> [Supplied data]

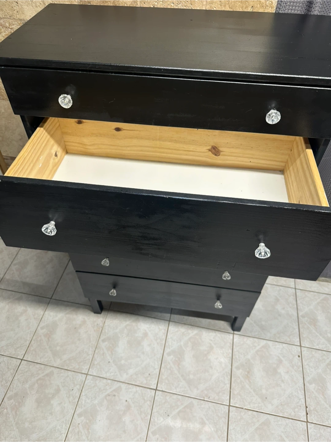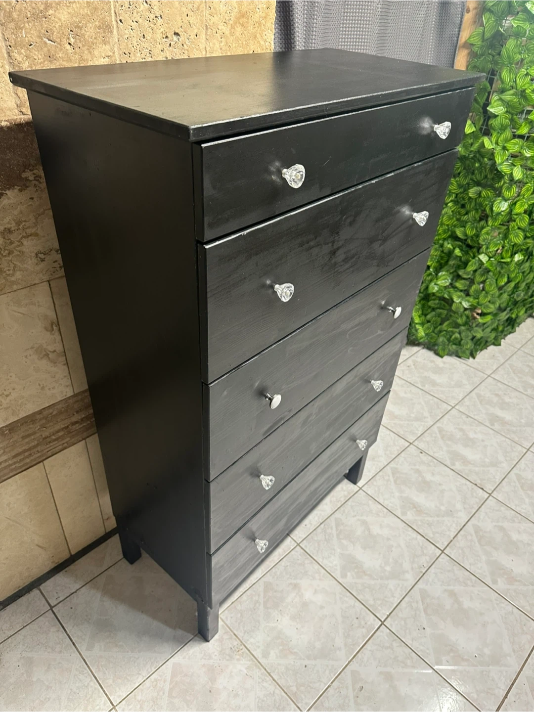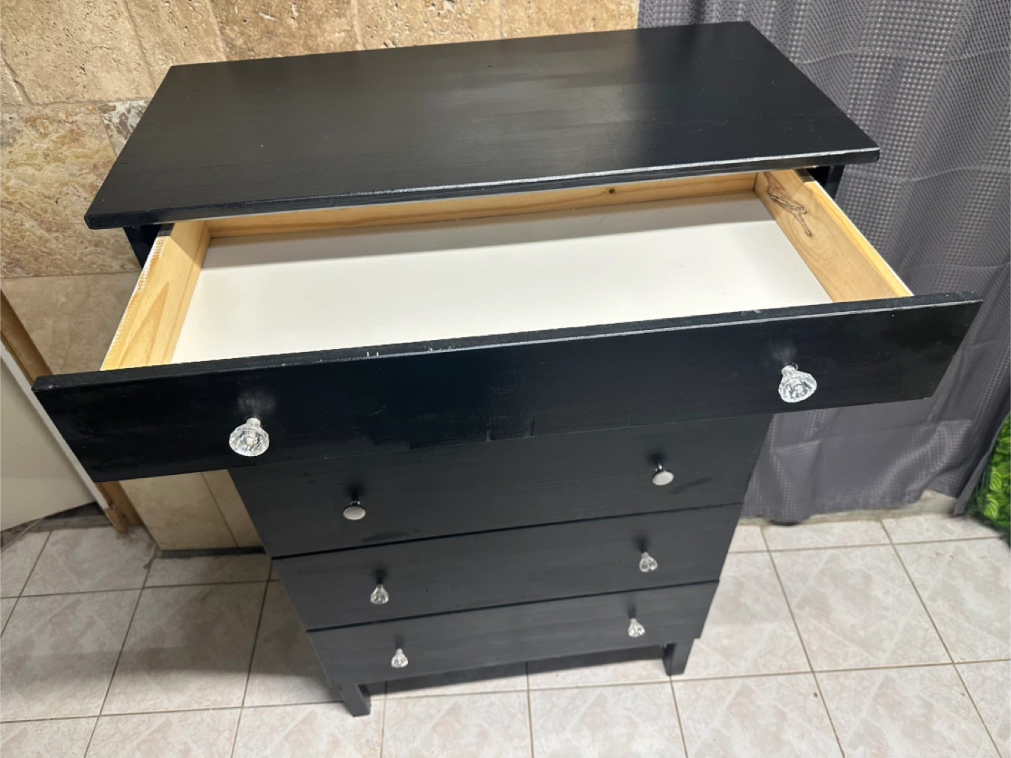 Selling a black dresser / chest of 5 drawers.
...
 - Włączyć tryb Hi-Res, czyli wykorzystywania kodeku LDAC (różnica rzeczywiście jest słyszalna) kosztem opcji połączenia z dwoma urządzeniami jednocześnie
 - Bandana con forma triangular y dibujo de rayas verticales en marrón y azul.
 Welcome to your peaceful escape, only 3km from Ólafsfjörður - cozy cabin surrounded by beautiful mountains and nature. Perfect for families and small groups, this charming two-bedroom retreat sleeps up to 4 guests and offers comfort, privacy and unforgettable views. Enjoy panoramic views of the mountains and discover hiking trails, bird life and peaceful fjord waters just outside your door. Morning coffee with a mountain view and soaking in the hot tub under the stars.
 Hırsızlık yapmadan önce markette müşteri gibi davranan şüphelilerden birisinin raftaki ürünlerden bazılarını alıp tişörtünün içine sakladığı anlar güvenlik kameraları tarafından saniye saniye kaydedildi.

> [Directions] Return only the lines between the one holding "- Włączyć tryb" and the one holding "Hırsızlık yapmadan önce", inclusive, exactly as they appear above.

> [Output of the task]
 - Włączyć tryb Hi-Res, czyli wykorzystywania kodeku LDAC (różnica rzeczywiście jest słyszalna) kosztem opcji połączenia z dwoma urządzeniami jednocześnie
 - Bandana con forma triangular y dibujo de rayas verticales en marrón y azul.
 Welcome to your peaceful escape, only 3km from Ólafsfjörður - cozy cabin surrounded by beautiful mountains and nature. Perfect for families and small groups, this charming two-bedroom retreat sleeps up to 4 guests and offers comfort, privacy and unforgettable views. Enjoy panoramic views of the mountains and discover hiking trails, bird life and peaceful fjord waters just outside your door. Morning coffee with a mountain view and soaking in the hot tub under the stars.
 Hırsızlık yapmadan önce markette müşteri gibi davranan şüphelilerden birisinin raftaki ürünlerden bazılarını alıp tişörtünün içine sakladığı anlar güvenlik kameraları tarafından saniye saniye kaydedildi.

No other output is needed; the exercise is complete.